今回のプエルトリコの停電は、米国の歴史において最も大規模だとみられる。
そんななか、風速180m/sの強風でビクともしなかった「バラスト式ハイブリッド架台」を使用した645kWの太陽光発電システムに注目が集まっている。同システムは9階建ての建物の屋根に設置されたものだが、まったく損害もなく100%の発電を持続しているという(図1)。
ナイロン製一体成形の架台
同太陽光発電システムは、プエルトリコのサンホアンにある。米退役軍人管理局の運営するメディカルセンターに設置され、2015年に稼働を開始した。

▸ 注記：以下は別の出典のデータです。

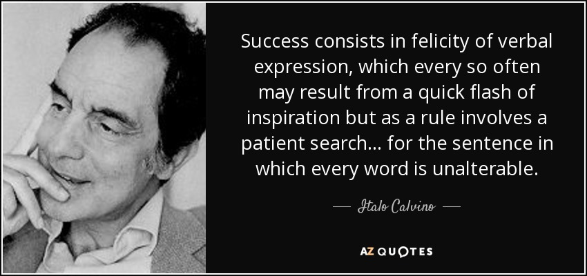 Success consists in felicity of verbal expression, which every so often may result from a quick flash of inspiration but as a rule involves a patient search... for the sentence in which every word is unalterable.
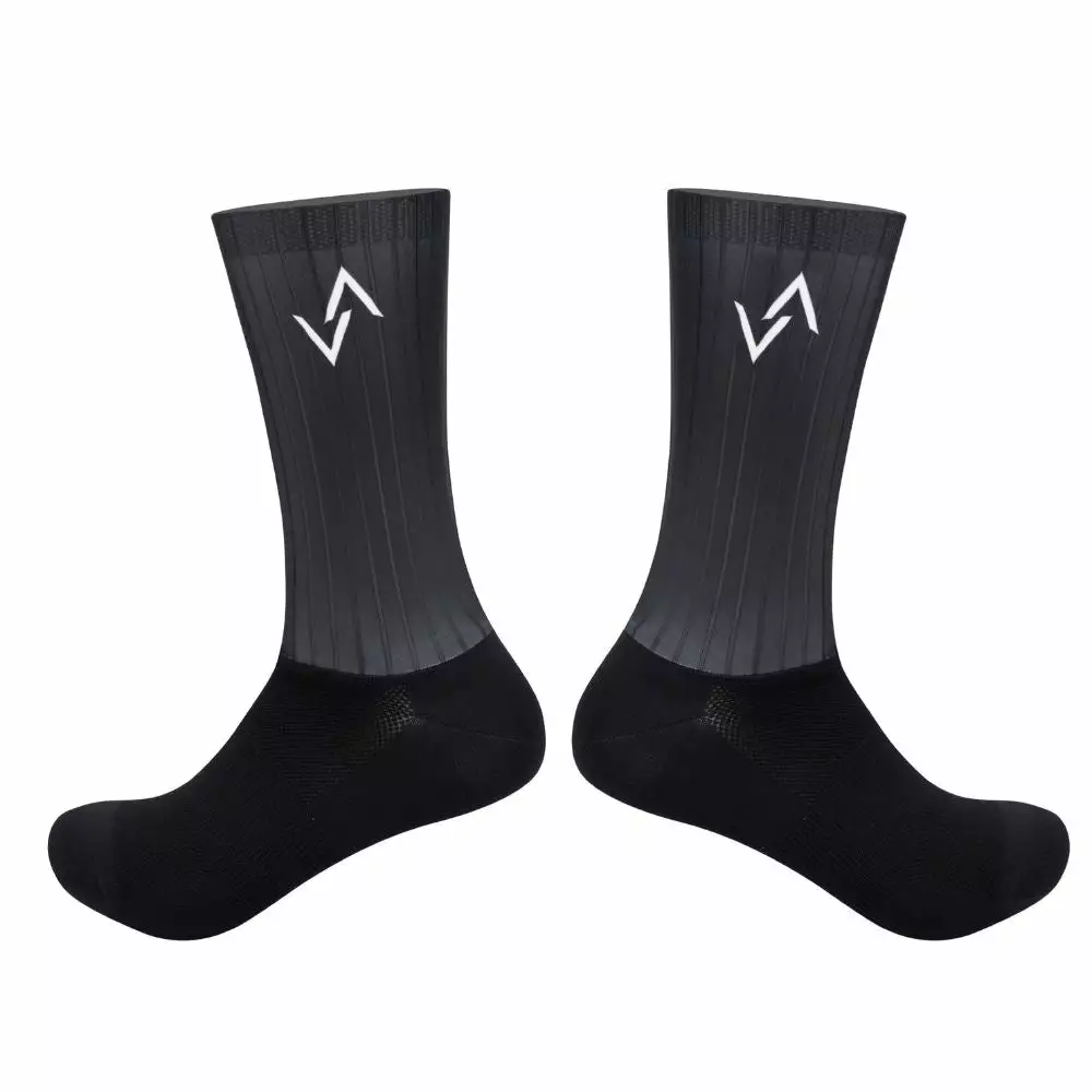 Sharp Black Aero Socks are built to UCI-compliant length and provide an aerodynamic edge! The fabric combination of nylon and spandex allows air to remain on the leg for as long as feasible. The seam is hidden under the leg, where it will not interfere with airflow as it exits the legs.

この病院はプエルトリコとヴァージン諸島に在住する15万人を超える米退役軍人が主に利用しており、プエルトリコとカリビアン諸島における最大規模の連邦政府による医療施設である。
「バラスト式架台」を提供したのは、カリフォルニア州サンフランシスコに本社を持つソレガ社(Sollega)だ。同社は商業用フラットルーフ(陸屋根)用架台に特化している。この架台は、プラスチック製で「ファーストラック510(FastRack510)」 と呼ばれる。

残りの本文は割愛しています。